Open jarmoza opened 11 months ago
It's possible that this should be extended to line extraction QA as well.
Some previous out of memory error books
slurmstepd: error: Detected 1 oom-kill event(s):
slurm-output-cole_R223278_DNLM_2_sureguide1665_6bff7bd3-cd29-4cf6-ba83-a710b75e7872.out
slurm-output-mclark_R31063_uklw_2_worksambroseparey1691_6bff7bd3-cd29-4cf6-ba83-a710b75e7872.out
slurm-output-jgrismond_R20542_NjPT_4_viewofgovernment1662_6bff7bd3-cd29-4cf6-ba83-a710b75e7872.out
slurm-output-mwhite_R8527_uk_2_grotiusthreebooks1682_6bff7bd3-cd29-4cf6-ba83-a710b75e7872.out
slurm-output-anon_R2930_iur_8_twotreatisesofgov1690_6bff7bd3-cd29-4cf6-ba83-a710b75e7872.out
By limiting the number of pages via config, we will likely eliminate any potential out of memory issues we were seeing in previous QA implementations.
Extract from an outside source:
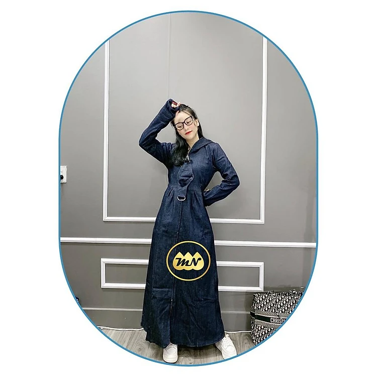 Áo chống nắng toàn thân nữ vải bò Jean 2 lớp dài kín chân - ao chong nang toan than nu vai bo 2 lop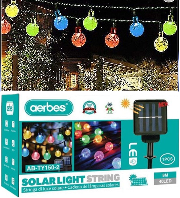 Πολύχρωμα μπαλάκια LED σε καλώδιο με ηλιακή ενέργεια.

Suggestion is a PAGES_PER_THREAD
variable in the config yaml for each QA module with a default/suggested limit of 50 pages.
Blocked until new line extraction method, eynollah, is integrated into QA line extraction code.
The current PnP pipeline only crops 50 pages at a time. The autocrop QA script should be adapted to fit this. This should address out of memory errors still be experienced.